- **DIRECTIONS**
Nothing but the lines below from the one that contains "Im Brettspiel Bohemians" through the one that contains "Light up the" should be retyped, exactly and including both ends. Do not include pictures.

- **SOURCE MATERIAL**
== Segment start ==

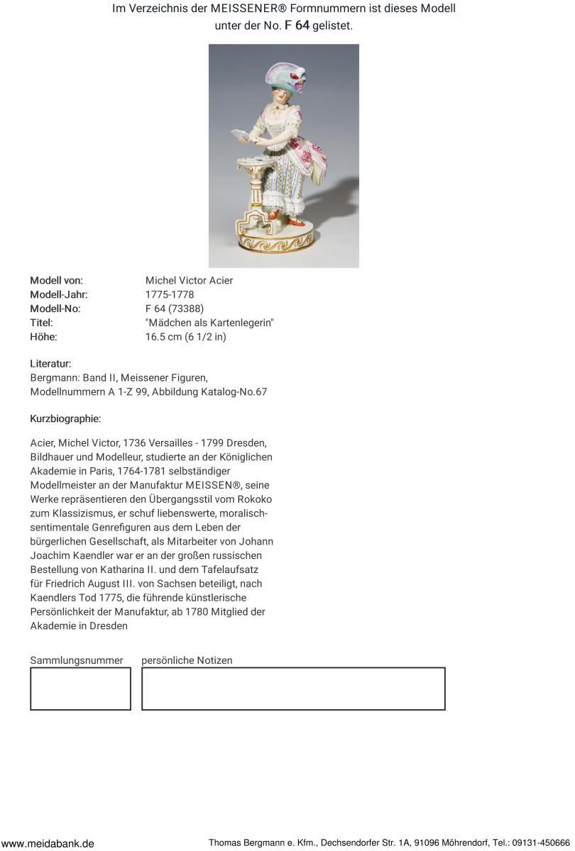 Acier, Bildhauer und Modelleur. 1764-1781 selbständiger Modellmeister in Meissen * Partnerauktion Bergmann.
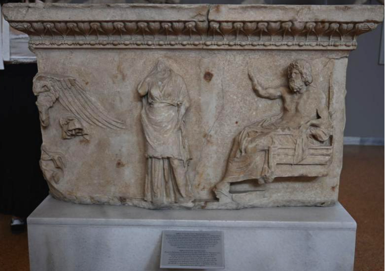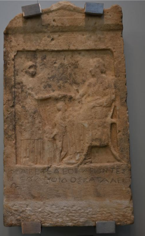 古希腊民间墓葬方式有多种形式,其中壁龛墓葬和石室墓葬两种形式最为常见,同时它们也具有独特的建筑特征和文化意义。其中壁龛墓葬的形式与古希腊人的宗教观念关联更紧密。古希腊人相信死后的世界与现世有着紧密的联系,因此他们将墓葬视为逝者与神灵世界的接触点。壁龛墓葬中的墓穴壁龛可能被视为逝者与神灵之间的交流通道。而石室墓葬的墓穴规模较大,通常包含一个主墓室和附属墓室,用于容纳多个逝者或葬具。它们的墓室装饰更加丰富,以展示古希腊的艺术和文化。在国家考古博物馆中可以见到很多墓葬装饰相关的展品,体现了墓葬的艺术价值和美感以及背后彰显的生死观念。这些装饰包括壁画、浮雕、绘画或其他形式的艺术表达,透过它们我们可以看到神话故事、神祇形象、花卉纹饰等文化元素,用来展示逝者的身份、地位或宗教信仰。希腊传统装饰中常把死者描绘成坐姿,往往是坐在椅子上与亲人朋友告别,动作简单大方,雕塑风格也端庄凝重,给我的感觉与中国传统的生死观念(比如事死如事生、哀伤但有节制等观念,丧葬过程中遵循一些特定的仪式)有些相似之处。尽管流露出“哀而不伤”的庄重氛围,但其中的哀伤也不可忽略。
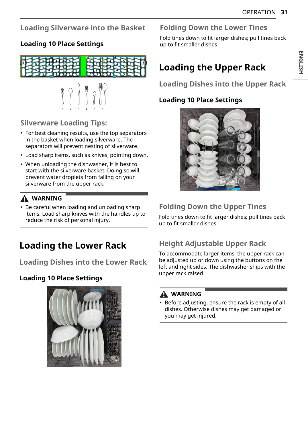 Loading Silverware into the Basket Loading 10 Place Settings Silverware Loading Tips:Warning
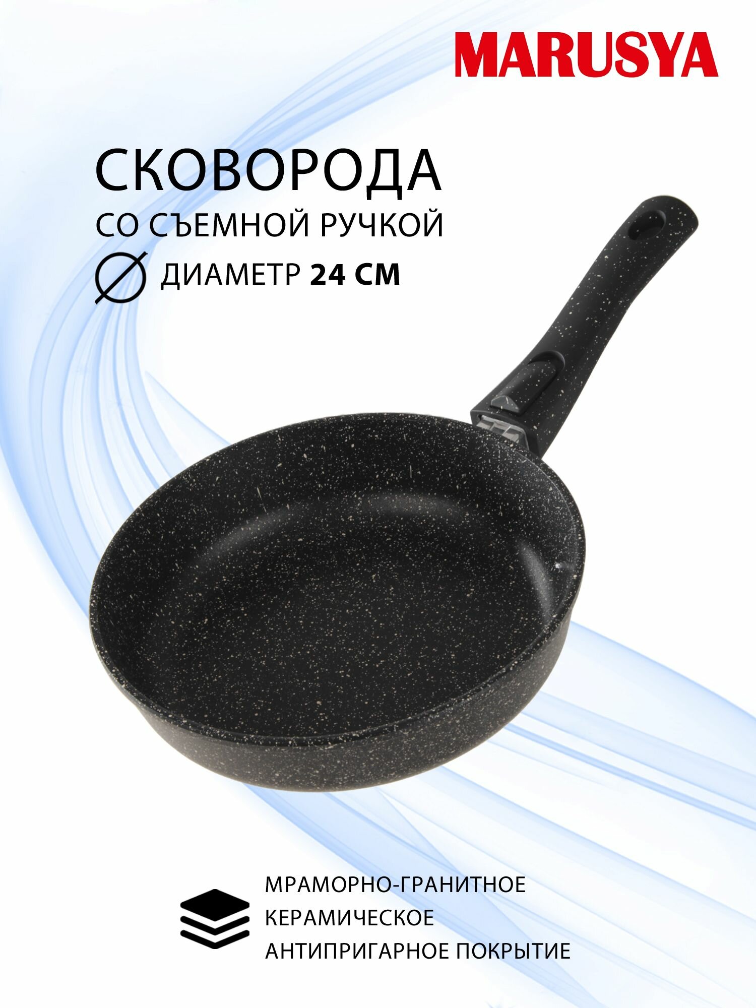 Сковорода Маруся Мрамор 7024 24 см со съемной ручкой (литая антипригарная) черная
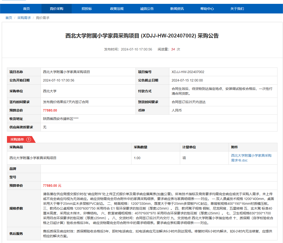 广发体育附属小学家具采购项目 (XDJJ-HW-202407002) 竞价采购公告 作者: 编辑: 时间:2024-07-11 原公告链接:https://www.ejingcai.com.cn/site/bidding/detail/11607
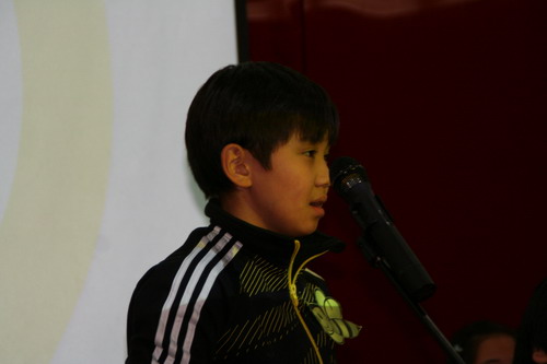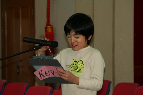 本届Spelling Bee比赛吸引了英语部众多中小学生参加。参赛选手们自10月份开始备赛,历经班级预赛才得以进入英语部决赛。本届大赛依次进行小学组和中学组比赛,各10名选手组成。最年轻的选手是小学组二年级的林可瑜,站在礼堂的舞台上,她自信地接受外籍考官的提问。其他小选手也不甘示弱,Alex不可多得的沉稳,Angela的激情四射,Bryan的机敏自信---纷纷把小学组比赛推向激动人心的高潮,观众席上异常安静,大家屏气凝神,紧张观赛,历经多轮角逐,最终Alex折得桂冠。
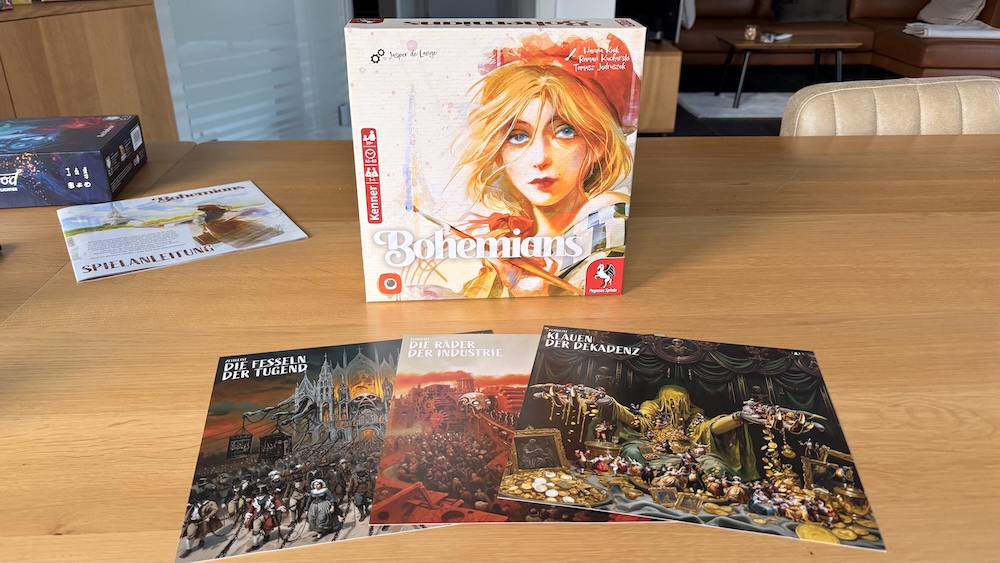 Im Brettspiel Bohemians sind wir junge Künstler:innen, die sich nach dem Erfolg sehnen, sei es als Schreibende, Malende oder in der Bildhauerei. Wir leben als Bohemians in Paris. Das Leben genießen wir, arbeiten wo nötig und sind doch von viel Leid geplagt, wenn wir am Ende angekommen sind, dabei wird nur eine Person von uns genug Erfolge angesammelt haben, um mit einem Sieg davongehen zu können.
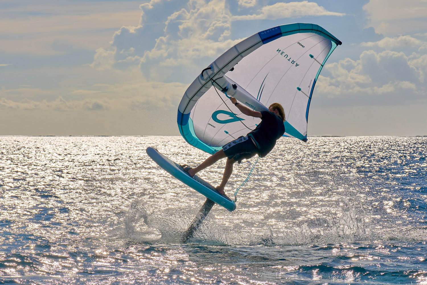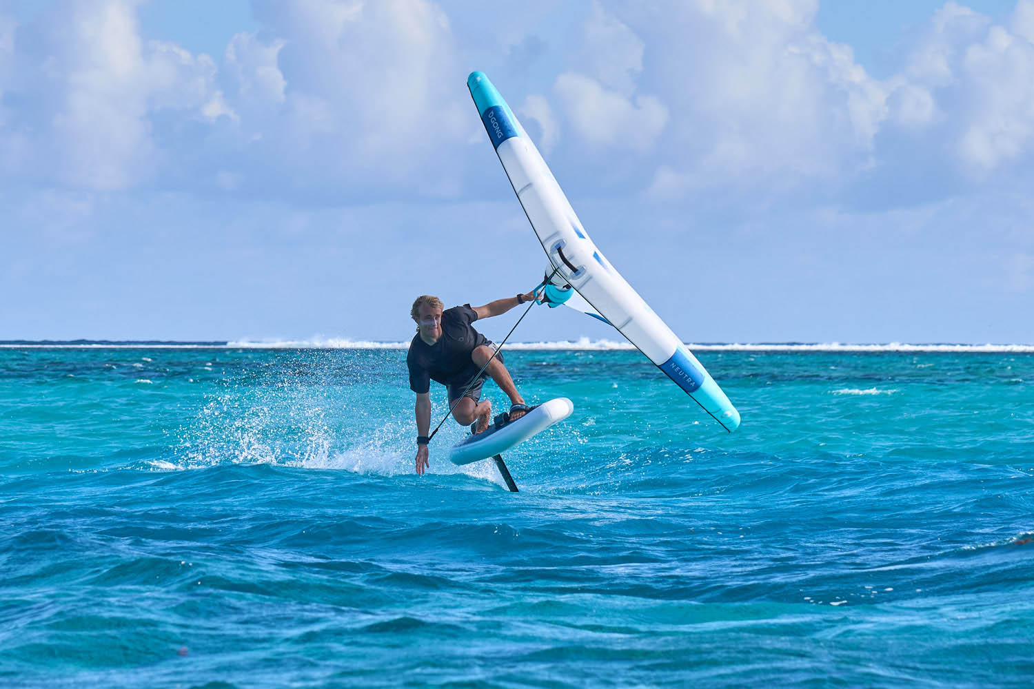 Pour améliorer le décollage, nos designers ont développé un rail rigide au tail de la board, directement inspiré du sharp edge au tail des planches de wing rigides. Il permet un détachement propre des filets d’eau en fin de carène, et donc une meilleure glisse avant de voler, dopant l’accélération.
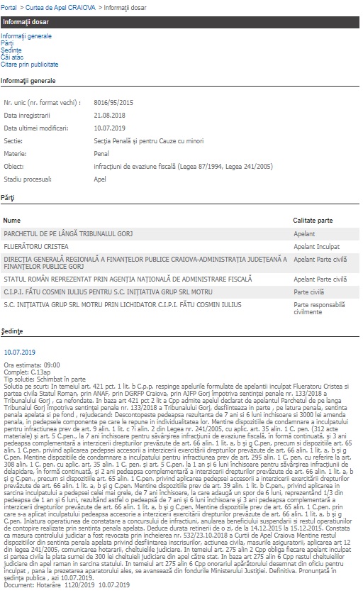 Pe data de 2 iulie 2019, instanța Curții de Apel Craiova a amânat pe data de 10 iulie pronunțarea hotărârii în cauza nr.8016/95/2015, prin care Cristea Fluerătoru a fost trimis în judecată pentru evaziune fiscală. Dosarul înregistrat cu patru ani în urmă a fost instrumentat de Parchetul de pe lângă Tribunalul Gorj. Sentința, de data aceasta, este cu executare, spun apropiați ai fostului lider sindical, magistrații din Bănie cumulând și alte pedepse cu suspendare primite de Fluerătoru. Șapte ani și jumătate cu executare este sentința primită, ieri, de salariatul CEO, care avea bagajele făcute încă din 2 iulie când se aștepta la pronunțarea sentinței în acest dosar.
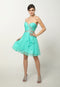 Light up the room in this beaded long cap sleeve dress with A-line skirt Juliet 636. This beautiful gown features a sheer sweetheart bodice, cap sleeves, enclosed illusion back, and a full length A-line skirt that ends in a sweep train.
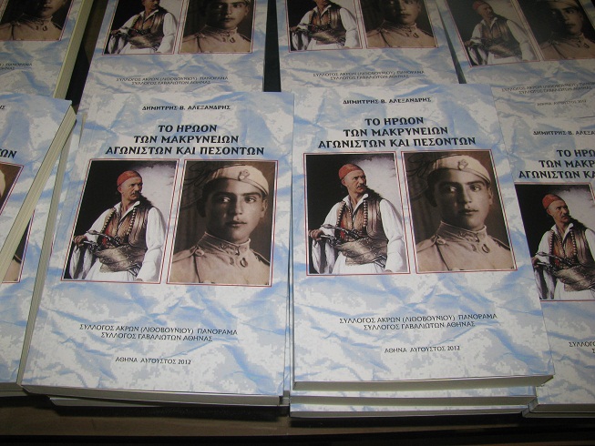 Το κεντρικό συμβούλιο της Παναιτωλοακαρνανικής Συνομοσπονδίας στις 16 Γενάρη 2013 στη στοά του βιβλίου συνδιοργάνωσε με την Αιτωλική Πολιτιστική εταιρία την παρουσίαση του βιβλίου του Αιτωλοακαρνάνα Δημήτρη Αλεξανδρή με τίτλο «ΤΟ ΗΡΩΟΝ ΤΩΝ ΜΑΚΡΥΝΕΙΩΝ ΑΓΩΝΙΣΤΩΝ ΚΑΙ ΠΕΣΟΝΤΩΝ» Έκδοση του συλλόγου Άκρων (Λιθοβουνίου) «ΠΑΝΟΡΑΜΑ» και του συλλόγου Γαβαλιωτών Αθήνας. Εισηγητές του βιβλίου ήταν οι κ.κ ΕΥΑΝΘΗΣ ΧΑΤΖΗΒΑΣΙΛΙΟΥ καθηγητής νεότερης ιστορίας της φιλοσοφικής σχολής του Καποδιστριακού Πανεπιστημίου Αθηνών, ΣΠΥΡΙΔΩΝ ΠΛΟΥΜΙΔΗΣ λέκτορας νεότερης ιστορίας της φιλοσοφικής σχολής του Καποδιστριακού Πανεπιστημίου Αθηνών, ΑΘΑΝΑΣΙΟΣ ΔΗΜΗΤΡΟΥΚΑΣ δικηγόρος, ποινικολόγος, Δρ. Φιλοσοφίας του Δικαίου.
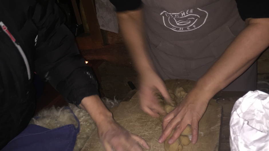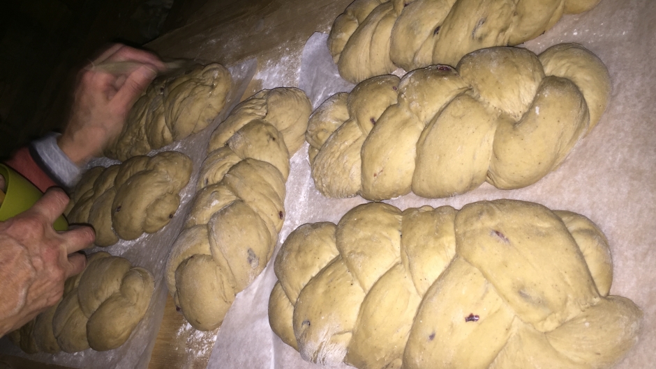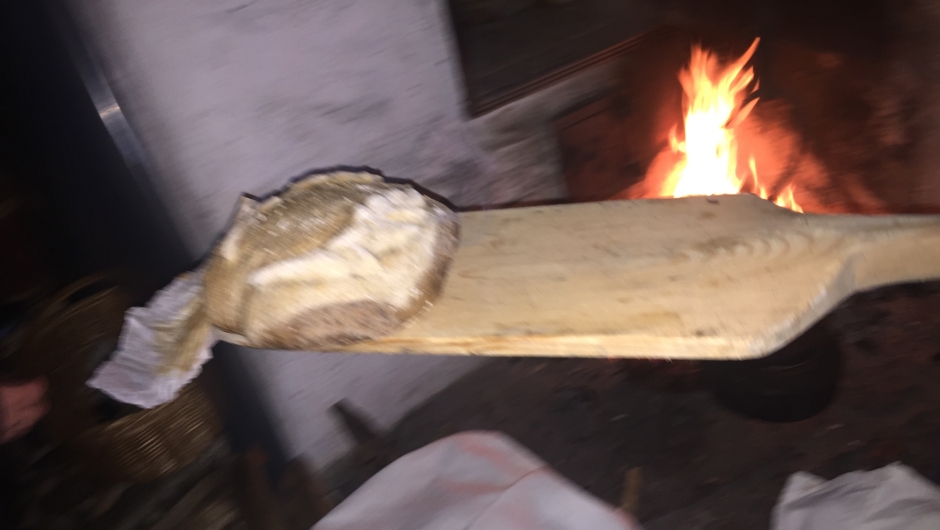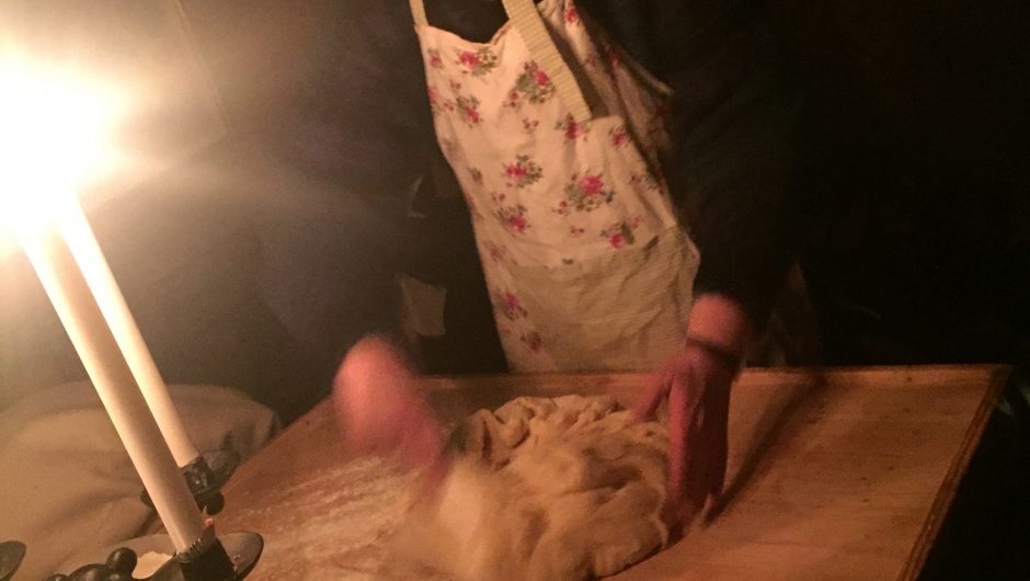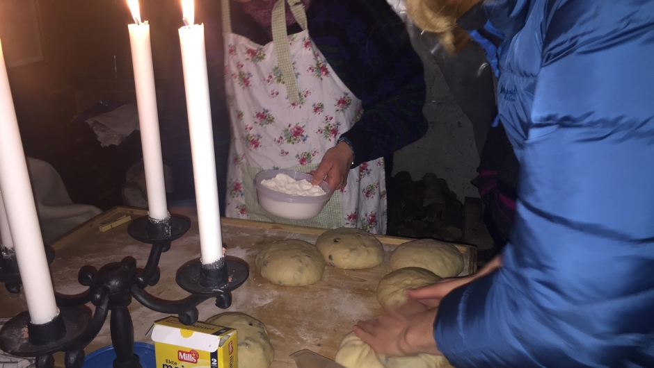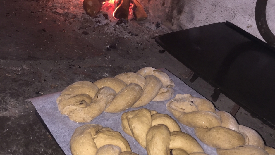 Inne i størhuset hadde Inger Karin varmet opp bakerovnen. Alle fikk prøve seg på å bake vørterbrød, julebrød og brød for så å steke dem i bakerovnen.
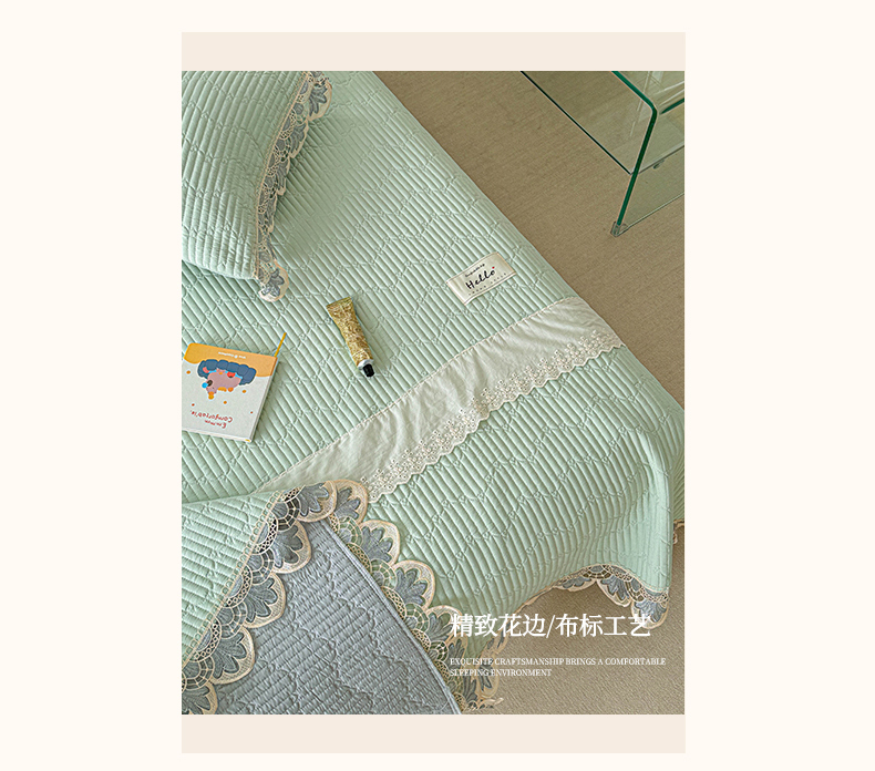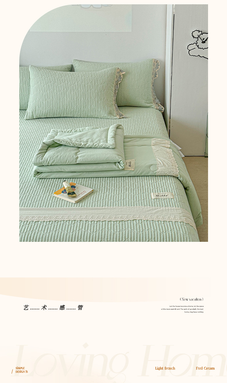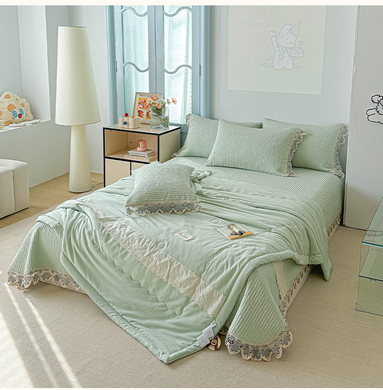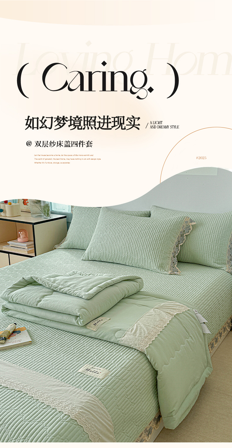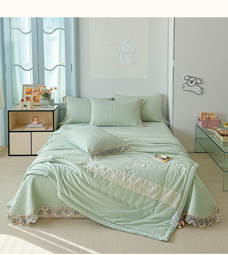 • 91家纺网 家纺一手货源 找家纺 源舜家纺 2025双层纱床盖三件套夏被四件套 薄荷绿

== Segment end ==

- **PROBLEM SOLUTION**
 Im Brettspiel Bohemians sind wir junge Künstler:innen, die sich nach dem Erfolg sehnen, sei es als Schreibende, Malende oder in der Bildhauerei. Wir leben als Bohemians in Paris. Das Leben genießen wir, arbeiten wo nötig und sind doch von viel Leid geplagt, wenn wir am Ende angekommen sind, dabei wird nur eine Person von uns genug Erfolge angesammelt haben, um mit einem Sieg davongehen zu können.
 Pour améliorer le décollage, nos designers ont développé un rail rigide au tail de la board, directement inspiré du sharp edge au tail des planches de wing rigides. Il permet un détachement propre des filets d’eau en fin de carène, et donc une meilleure glisse avant de voler, dopant l’accélération.
 Pe data de 2 iulie 2019, instanța Curții de Apel Craiova a amânat pe data de 10 iulie pronunțarea hotărârii în cauza nr.8016/95/2015, prin care Cristea Fluerătoru a fost trimis în judecată pentru evaziune fiscală. Dosarul înregistrat cu patru ani în urmă a fost instrumentat de Parchetul de pe lângă Tribunalul Gorj. Sentința, de data aceasta, este cu executare, spun apropiați ai fostului lider sindical, magistrații din Bănie cumulând și alte pedepse cu suspendare primite de Fluerătoru. Șapte ani și jumătate cu executare este sentința primită, ieri, de salariatul CEO, care avea bagajele făcute încă din 2 iulie când se aștepta la pronunțarea sentinței în acest dosar.
 Light up the room in this beaded long cap sleeve dress with A-line skirt Juliet 636. This beautiful gown features a sheer sweetheart bodice, cap sleeves, enclosed illusion back, and a full length A-line skirt that ends in a sweep train.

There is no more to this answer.